Furthermore, the present invention can be applied not only to photolithographic techniques that perform exposure with ultraviolet rays and deep ultraviolet rays, but also to photolithographic techniques that perform exposure with lasers, X-rays, and electrobeams. In particular, photolithography technology that performs exposure using X-rays and electrobeams can make the distance between the reticle that performs close exposure and the photoresist film uniform.

Further, the present invention can also be applied to a mask forming process for etching an insulating film.

Furthermore, the present invention is not limited to DRAMs, but can be widely applied to semiconductor integrated circuit devices having dense regions and sparse regions.

〔Effect of the invention〕

Among the inventions disclosed in this application, the effects obtained by typical ones are briefly explained below.

A method for manufacturing a semiconductor integrated circuit device comprising the steps of applying a photoresist film on a predetermined conductive film or insulating film and exposing the photoresist film to form a mask, the method comprising forming the conductive film or insulating film.

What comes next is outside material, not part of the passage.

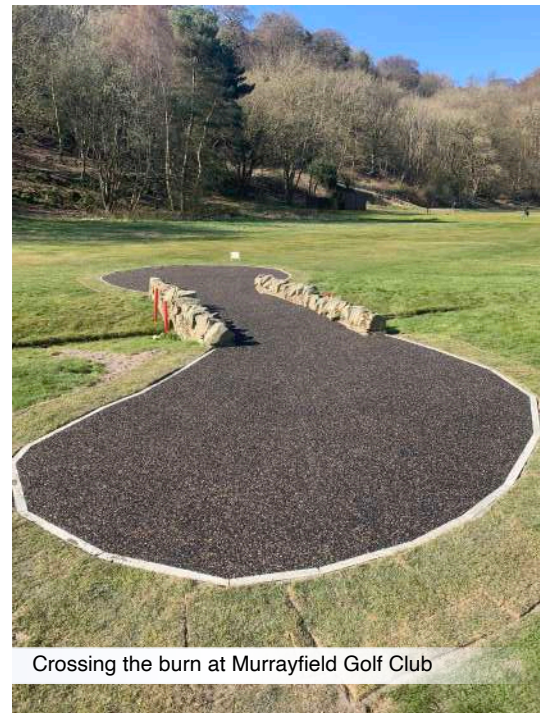
Crossing the burn at Murrayfield Golf Club

By including a step of forming the main surface of the semiconductor substrate with a dense region as the base lower than the main surface of the semiconductor substrate with the sparse region as the base, the height of the photoresist film in both regions can be lowered. Since the difference can be reduced and the photoresist films in both regions can be formed within the depth of focus, mask defects can be prevented and manufacturing yields can be improved.

[Brief explanation of drawings]

FIG. 1 is a plan view of a main part of a DRAM memory cell array according to an embodiment of the present invention. FIG. 2 is a cross-sectional view of the MISFET constituting the memory cell and peripheral circuit, taken along the line ■-■ in FIG. FIG. 3 to FIG. 7 show a DRAM which is an embodiment of the present invention.
(7) Cross-sectional view showing 1 degree for each manufacturing process'''''7'・
In the figure, 1... semiconductor substrate, 4... dielectric film, 5... plate electrode, 6... insulating film, 7A, 7B
... Gate insulating film, 8A, 8B... Gate electrode, 9
A... Semiconductor region, 9B... Source region or drain region, 10... Interlayer insulating film, 11... Connection hole, 1
2A...Word line, 12B...Wiring, M...Memory cell, C...Capacitive element for information storage, Qn...MI
SFET, Q...Switch element. −16=

Claims (1)

[Claims] 1. Coating a photoresist film on a conductive film or an insulating film,
A method for manufacturing a semiconductor integrated circuit device comprising the step of exposing the photoresist film in a predetermined shape to form a mask pattern, the method comprising the step of forming a mask pattern by exposing the photoresist film in a predetermined shape. The first main surface of the semiconductor substrate in the area where the underlying semiconductor elements are arranged densely or the area where the number of underlying films is large is replaced by the area where the underlying semiconductor elements are sparsely arranged or the area where the number of underlying films is small. A method of manufacturing a semiconductor integrated circuit device, comprising the step of forming the semiconductor integrated circuit device lower than the second principal surface of the device. 2. The first main surface is formed by selectively oxidizing the main surface of the semiconductor substrate in the formation region to form a silicon oxide film, and removing the silicon oxide film to form the first main surface lower than the second main surface. A method for manufacturing a semiconductor integrated circuit device according to claim 1. 3. The first main surface is formed by selectively laminating an epitaxial layer on the second main surface of the semiconductor substrate, and is formed lower than the second main surface. A method for manufacturing a semiconductor integrated circuit device. 4. The method of manufacturing a semiconductor integrated circuit device according to claim 1, wherein the conductive film forms a wiring, an electrode, or a semiconductor element.